It is with great pleasure that we can bring you some good news about investment banking pay, specifically at Deutsche Bank. Overall, deferrals may actually fall this year. That's the good news. Long term, however, industry-wide investment banking pay looks like it’s in an inexorable decline.
Stephan Leithner, the European CEO for Deutsche Bank, delivered the good news in his presentation this morning.
In the first place, Leithner said that – despite its punitive new 5 year cliff vesting arrangement for 150 senior staff – Deutsche will actually defer less of its bonus pool this year than last year. Last year, 61% was deferred. This year, it will be more like 50% Leithner said.
In a second element of surprisingly good news, Leithner said that 15% of people hired at Deutsche this year have received guaranteed bonuses. In a challenging market, this seems reassuringly high – particularly when you consider that guarantees are typically only offered to front office staff, who typically only account for a third of all hires. In this case, it looks like nearly half of Deutsche’s front office hires have been offered guarantees in 2012.
Longer term, however, it looks much worse. The compensation ratio at Deutsche Bank will fall below 40% said Leithner. It might not happen this year, it might not happen next year, but it will happen. This echoes Deutsche co-CEO Jürgen Fitschen’s statement yesterday. Banks have paid too much in the past, said Fitschen, but this is changing. In future, banking careers will pay relatively less and careers in other industries will pay relatively more.
Leithner also mentioned that Deutsche won’t be accelerating vesting of stock for anyone who’s been laid off (although some banks have been doing this, apparently), that zero bonuses are now common and that Deutsche clawed back $56.3 million of bonuses last year purely on the grounds of bad behavior.
Bonuses are being blamed for everything
Notably, both Leithner and Walker identified bonuses as the chief source of all banks’ problems.
“Culture change at the end of the day has to address compensation,” said Leithner. “That is where a large part of the disconnect come from.”
“The inappropriate incentivization is accountable for a lot of what has gone wrong,” said Walker.
Walker wants all banks to publish the number of staff they employ who earn more than $1.61 million. He also wants banks to stop paying on the basis of revenue generation and to start paying on the basis of risk.
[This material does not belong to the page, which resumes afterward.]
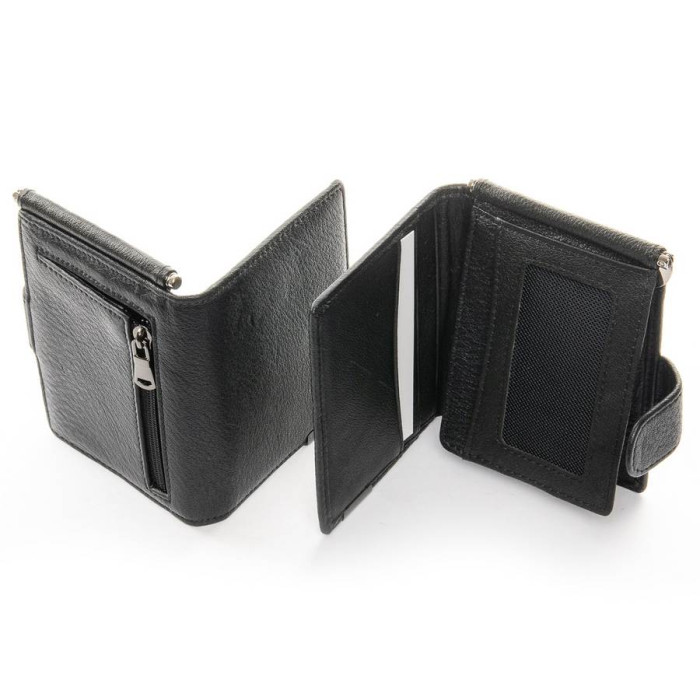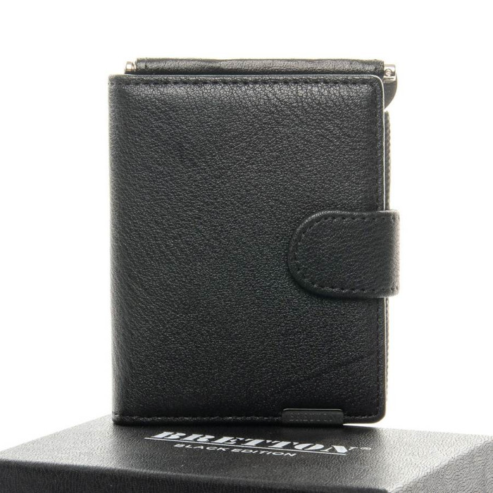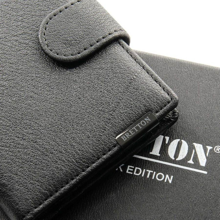 Чоловічий шкіряний гаманець-затиск для банкнот Bretton, серія Black Edition. Виготовлений з м'якої натуральної шкіри. Всередині є 6 кишень для візитних карток і 2 кишені-сітки. Зовні знаходиться монетниця на блискавці. Розмір (см) 11*8,5*2
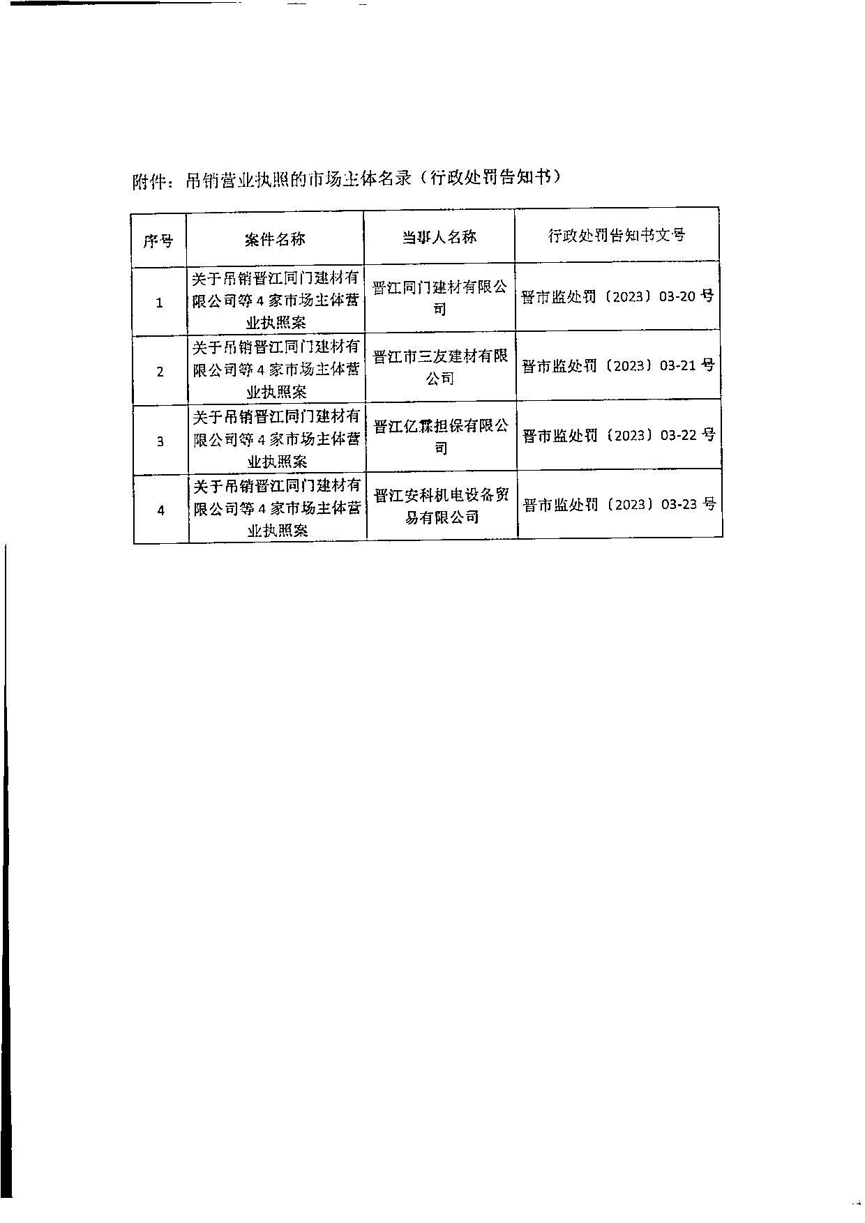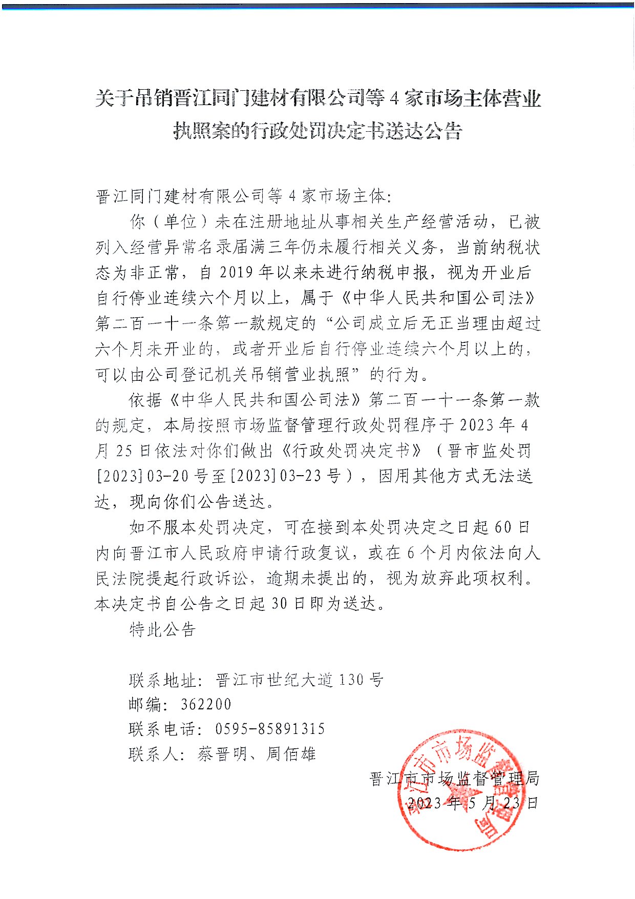 晋江市市场监督管理局关于吊销晋江同门建材有限公司等4家市场主体营业执照案的行政处罚决定书送达公告

Time for M&A and equities bankers to substantially reduce their pay expectations
Anshu Jain identified the nub of the problem faced by banks in Deutsche’s Q&A session. Corporate finance and equities businesses aren’t very profitable because they have “incredibly high compensation ratios” which are “very stubborn” and very difficult to get down, said Jain.
By comparison, he said fixed income businesses have traditionally had lower cost and compensation ratios and therefore been a big profit driver (and subsidizer of M&A and equities pay). Now, however, higher capital requirements are making fixed income far less profitable. This has implications for everyone, but M&A and equities bankers may suffer most of all – particularly when market conditions are poor.
As we’ve noted many times in the past, investment banking pay has risen substantially above the mean in other industries since regulation was relaxed in the 1970s (see the definitive graph here). It potentially has a long way to fall. Median weekly earnings in the UK are a mere $804 a week.